What you should do:
Reproduce verbatim all of the data given below, but do not carry over the images.

(Records provided Opens)

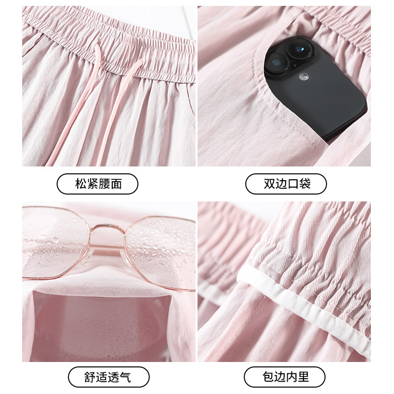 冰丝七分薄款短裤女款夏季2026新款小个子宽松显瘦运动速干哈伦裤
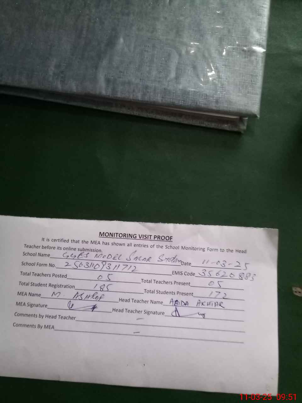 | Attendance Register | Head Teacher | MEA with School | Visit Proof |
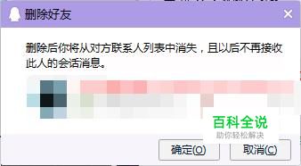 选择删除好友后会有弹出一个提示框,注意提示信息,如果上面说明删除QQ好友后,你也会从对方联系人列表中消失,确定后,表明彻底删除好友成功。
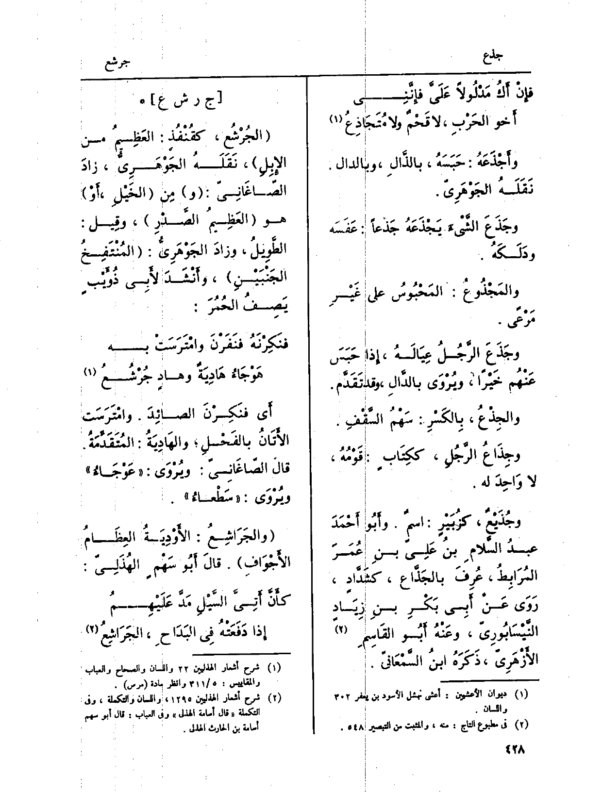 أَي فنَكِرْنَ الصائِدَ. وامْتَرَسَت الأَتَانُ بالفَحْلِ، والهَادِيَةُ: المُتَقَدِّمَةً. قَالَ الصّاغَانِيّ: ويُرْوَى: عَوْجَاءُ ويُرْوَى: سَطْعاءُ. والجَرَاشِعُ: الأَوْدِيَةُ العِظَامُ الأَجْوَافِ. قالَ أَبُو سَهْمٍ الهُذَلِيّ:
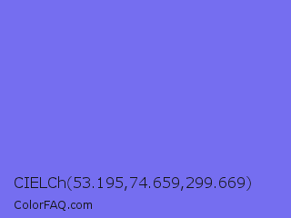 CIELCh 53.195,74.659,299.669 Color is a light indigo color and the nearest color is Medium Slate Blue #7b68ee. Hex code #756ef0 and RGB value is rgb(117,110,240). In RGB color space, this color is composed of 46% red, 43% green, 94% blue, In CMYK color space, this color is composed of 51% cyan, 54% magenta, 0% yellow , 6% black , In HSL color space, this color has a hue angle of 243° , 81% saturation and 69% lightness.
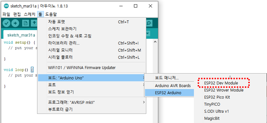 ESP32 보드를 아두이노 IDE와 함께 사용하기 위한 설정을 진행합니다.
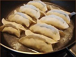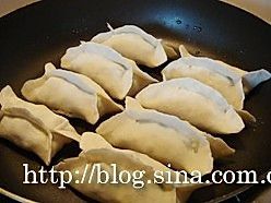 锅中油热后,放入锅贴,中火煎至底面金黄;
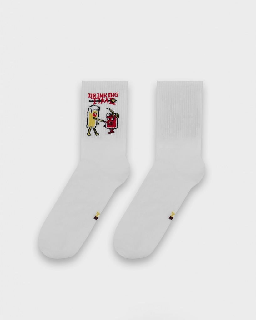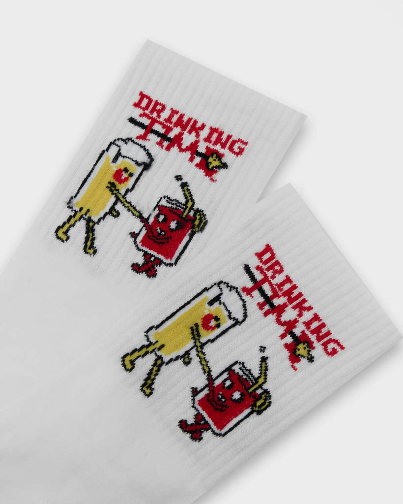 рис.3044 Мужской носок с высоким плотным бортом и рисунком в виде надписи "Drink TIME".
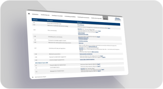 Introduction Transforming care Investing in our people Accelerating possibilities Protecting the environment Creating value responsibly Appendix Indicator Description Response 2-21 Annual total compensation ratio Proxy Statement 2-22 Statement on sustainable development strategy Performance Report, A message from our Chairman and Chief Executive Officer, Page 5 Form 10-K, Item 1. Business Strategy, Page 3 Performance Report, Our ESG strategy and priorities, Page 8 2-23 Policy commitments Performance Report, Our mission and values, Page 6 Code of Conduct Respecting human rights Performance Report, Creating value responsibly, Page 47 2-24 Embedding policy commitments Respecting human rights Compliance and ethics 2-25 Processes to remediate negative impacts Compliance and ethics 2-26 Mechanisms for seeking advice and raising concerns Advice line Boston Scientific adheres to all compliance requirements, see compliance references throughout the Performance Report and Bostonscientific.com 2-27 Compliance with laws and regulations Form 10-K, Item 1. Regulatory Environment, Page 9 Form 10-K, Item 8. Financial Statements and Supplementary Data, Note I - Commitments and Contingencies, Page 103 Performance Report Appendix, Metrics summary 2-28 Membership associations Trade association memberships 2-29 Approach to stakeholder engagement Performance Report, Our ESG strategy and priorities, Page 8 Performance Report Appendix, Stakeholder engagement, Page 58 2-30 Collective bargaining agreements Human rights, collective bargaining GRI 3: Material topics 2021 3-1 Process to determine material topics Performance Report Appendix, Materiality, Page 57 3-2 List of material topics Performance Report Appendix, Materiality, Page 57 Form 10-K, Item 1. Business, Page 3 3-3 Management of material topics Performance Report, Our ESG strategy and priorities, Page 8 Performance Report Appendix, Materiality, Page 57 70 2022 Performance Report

(Records provided Closes)

Response to this exercise:
 冰丝七分薄款短裤女款夏季2026新款小个子宽松显瘦运动速干哈伦裤
 | Attendance Register | Head Teacher | MEA with School | Visit Proof |
 选择删除好友后会有弹出一个提示框,注意提示信息,如果上面说明删除QQ好友后,你也会从对方联系人列表中消失,确定后,表明彻底删除好友成功。
 أَي فنَكِرْنَ الصائِدَ. وامْتَرَسَت الأَتَانُ بالفَحْلِ، والهَادِيَةُ: المُتَقَدِّمَةً. قَالَ الصّاغَانِيّ: ويُرْوَى: عَوْجَاءُ ويُرْوَى: سَطْعاءُ. والجَرَاشِعُ: الأَوْدِيَةُ العِظَامُ الأَجْوَافِ. قالَ أَبُو سَهْمٍ الهُذَلِيّ:
 CIELCh 53.195,74.659,299.669 Color is a light indigo color and the nearest color is Medium Slate Blue #7b68ee. Hex code #756ef0 and RGB value is rgb(117,110,240). In RGB color space, this color is composed of 46% red, 43% green, 94% blue, In CMYK color space, this color is composed of 51% cyan, 54% magenta, 0% yellow , 6% black , In HSL color space, this color has a hue angle of 243° , 81% saturation and 69% lightness.
 ESP32 보드를 아두이노 IDE와 함께 사용하기 위한 설정을 진행합니다.
 锅中油热后,放入锅贴,中火煎至底面金黄;
 рис.3044 Мужской носок с высоким плотным бортом и рисунком в виде надписи "Drink TIME".
 Introduction Transforming care Investing in our people Accelerating possibilities Protecting the environment Creating value responsibly Appendix Indicator Description Response 2-21 Annual total compensation ratio Proxy Statement 2-22 Statement on sustainable development strategy Performance Report, A message from our Chairman and Chief Executive Officer, Page 5 Form 10-K, Item 1. Business Strategy, Page 3 Performance Report, Our ESG strategy and priorities, Page 8 2-23 Policy commitments Performance Report, Our mission and values, Page 6 Code of Conduct Respecting human rights Performance Report, Creating value responsibly, Page 47 2-24 Embedding policy commitments Respecting human rights Compliance and ethics 2-25 Processes to remediate negative impacts Compliance and ethics 2-26 Mechanisms for seeking advice and raising concerns Advice line Boston Scientific adheres to all compliance requirements, see compliance references throughout the Performance Report and Bostonscientific.com 2-27 Compliance with laws and regulations Form 10-K, Item 1. Regulatory Environment, Page 9 Form 10-K, Item 8. Financial Statements and Supplementary Data, Note I - Commitments and Contingencies, Page 103 Performance Report Appendix, Metrics summary 2-28 Membership associations Trade association memberships 2-29 Approach to stakeholder engagement Performance Report, Our ESG strategy and priorities, Page 8 Performance Report Appendix, Stakeholder engagement, Page 58 2-30 Collective bargaining agreements Human rights, collective bargaining GRI 3: Material topics 2021 3-1 Process to determine material topics Performance Report Appendix, Materiality, Page 57 3-2 List of material topics Performance Report Appendix, Materiality, Page 57 Form 10-K, Item 1. Business, Page 3 3-3 Management of material topics Performance Report, Our ESG strategy and priorities, Page 8 Performance Report Appendix, Materiality, Page 57 70 2022 Performance Report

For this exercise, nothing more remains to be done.